Despina Maliaka
HeroX team

Leaderboard Elements

Solvers,

To help you better navigate the Cultivate Labs leaderboard, we're providing the attached sample leaderboard. Reference the images below for detailed descriptions of each of the leaderboard elements, including filters, rank, percent improvement, and more.
Attachments

22 Replies

Despina Maliaka
HeroX team
Leader elements continued.
Attachments
reza mottaghian
How i can send idea?
Carolyn Meinel
How do I access Leaderboard Elements? My team captain can see this data, but there is no Elements button on my version. I'm looking at https://discover.iarpagfchallenge.com/leaderboards/brier_scores. I set up a username and password in order to access this site, but I'm wondering if the problem is that the site has no way of knowing that I am on a GF Challenge team unless I do something special. Could anyone enlighten me on what that might be? I'm trying to tag this with "Moderator" but the tagging function won't allow me to do so. So I'll try this: @Moderator
Carolyn Meinel
I read what you wrote on Leaderboard ELements. How do I access Leaderboard Elements? My team captain can see this data, but there is no Elements button on my version. I'm looking at https://discover.iarpagfchallenge.com/leaderboards/brier_scores. I set up a username and password in order to access this site, but I'm wondering if the problem is that the site has no way of knowing that I am on a GF Challenge team unless I do something special. Could anyone enlighten me on what that might be? I'm trying to tag this with "Moderator" but the tagging function won't allow me to do so.
Tagged: Despina Maliaka
Ben Roesch
Hey Carolyn-

Can you post a screenshot of what you're seeing at that URL (https://discover.iarpagfchallenge.com/leaderboards/brier_scores)? Also, what browser are you using?

Thanks,
Ben
Carolyn Meinel
Screenshot from Chromium on Ubuntu. I get the same screen using Chrome on Windows 10, as well.
Attachments
Ben Roesch
Hey Carolyn-

What you're seeing looks right to me. Which part did you think was missing?

Thanks,
Ben
Carolyn Meinel
Above the box labeled "Leaderboard" on my team leader's computer there is a box labeled "Elements." This thread titled "Leaderboard Elements" is about what you can see when you click the "Elements" box. My team leader showed me that his computer screen shows the Elements box above the Leaderboard box, and whne he clicked on it he got the same images that are shown in this thread. However, because my computer does not show the Elements box, I cannot access the Elements features. I would like to be able to do so.
Ben Roesch
If you mean the elements sections in the screenshots that Despina posted, those were added via powerpoint -- they aren't part of the actual platform.
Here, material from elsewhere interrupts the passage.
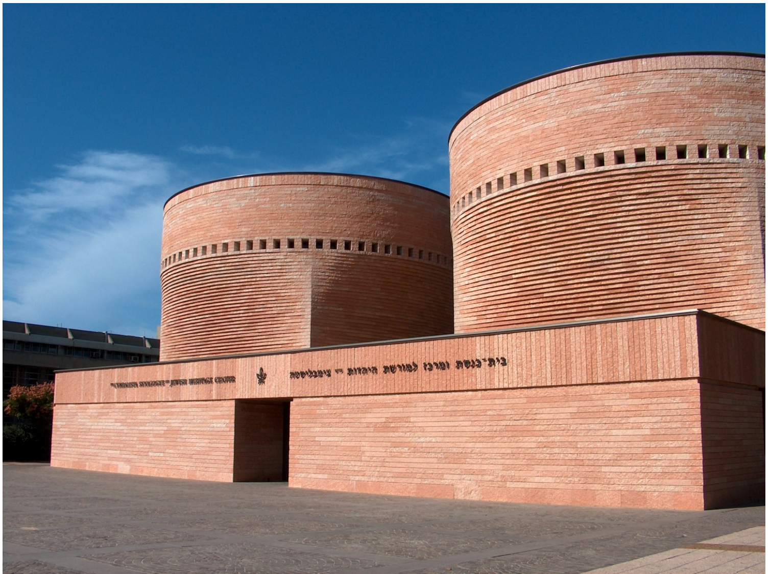
Mario Botta, Συναγωγή στο Τελ Αβίβ, 1998.

Στο περιβάλλον ωστόσο της ορθόδοξης εκκλησίας, τα πράγματα είναι πολύ διαφορετικά. Επαναλαμβάνεται έως τις μέρες μας ένας μιμητικός (και δομικά σκηνογραφικός) τύπος κτιριακού κελύφους, που υποτίθεται ότι ανταποκρίνεται σε δεδομένα πρότυπα, παρά το γεγονός ότι στη διάρκεια των αιώνων η βυζαντινή ναοδομία είχε πειραματικό χαρακτήρα και επεξεργαζόταν μεγάλη ποικιλία χωρικών και μορφοπλαστικών λύσεων, ενώ δεχόταν ξένες επιρροές. Το πρόβλημα είναι σύνθετο από θεολογική άποψη και από εκείνη του λειτουργικού τυπικού. Δεν πρόκειται όμως μόνο γι' αυτό. Σχετίζεται με μια στάση αμυντικής εσωστρέφειας, με ένα οντολογικό ζήτημα αυτόνομης ύπαρξης της ορθόδοξης εκκλησίας στον σύγχρονο κόσμο. Έχει να κάνει, για να συνοψίσουμε σύμφωνα με τον Χρήστο Γιανναρά, με τη διατήρηση της ιστορικής αντιπαλότητας δύο κοσμοθεωριών: του «ελληνικού κοινωνιοκεντρικού» και του «μεταρωμαϊκού ατομοκεντρικού παραδείγματος». Ο ίδιος, ωστόσο, εντίμως αναγνώριζε ότι «τον λατρευτικό χώρο τον διαμορφώνει το “νόημα” των τελουμένων στη λατρεία». Θα ήταν ίσως καιρός να ανοίξει μια συζήτηση για τον επαναπροσδιορισμό του αρχιτεκτονικού χώρου της ορθόδοξης λατρείας γιατί, όπως έλεγε ο Φώτης Κόντογλου, «η στείρα αντιγραφή είναι ασέβεια».

What you're seeing is all there is to the leaderboard.
Lars Ericson
@Ben Roesch
Can we get a button that limits the display to just my methods or just the methods of a selected team? I have to scroll through 800 methods to get to my stuff (I'm way at the bottom!).
Tagged: Ben Roesch
Ben Roesch
Hey Lars-

Sorry, but I believe the leaderboards are feature-complete for this round. If we end up making any changes, I'll keep that in mind as a feature request.

Thanks,
Ben
Lars Ericson
"Feature complete"? Does that mean "budgeted billable hours exhausted"?
Alan Patrick
Hi - Not sure where this quesion goes but as it's the leaderboard that's spurred it I'll put it here. I may misunderstand how the scores work so can I ask whether, for any one (of the 40 possible) method used (i) is it scored for *all* the IFPs or only the IFPs it is applied to, and (ii) if it is applied several days after an IFP's start date, is the Ignorance Prior daily forecast for that IFP on the days before the Method is applied counted as part of the Method's score?
Modified on July 3, 2019, 10:34 p.m. PDT
Lars Ericson
My understanding is each method is applied to all IFPs, and any IFP that a method starts late on gets Ignorance Prior up to the day it starts. Your score is max(method1,...method40). So you can't mix and match and apply one model in one method only to questions that it applies to, and ignore other questions in that method. You've probably already lost a fair amount of ground. Better strategy is to broadcast Consensus vote for a method when you don't have a model for that kind of question. You can also use your method slots to combine models in various combinations. This is often used for example in deep learning pipelines to demonstrate sensitivity to various parts of the pipeline, by selectively eliminating portions of the pipeline to show their impact on the overall score. So you could have Consensus, Financial Model, Election Model, Bet the Farm (0%/100%) Model, and do various stackings like Financial Then Consensus, Financial Then Best Forecaster Then Consensus, Financlal + Election, and so on. You get 40 combinations, more than enough for a good paper. Typically in deep learning papers you see 5 or so factors in a pipeline with some sensitivity analysis to individual factors. Each combination stands on it's own though and applies to all IFPs. What's your team name on the Leaderboard? I don't see anything like DataSwarm.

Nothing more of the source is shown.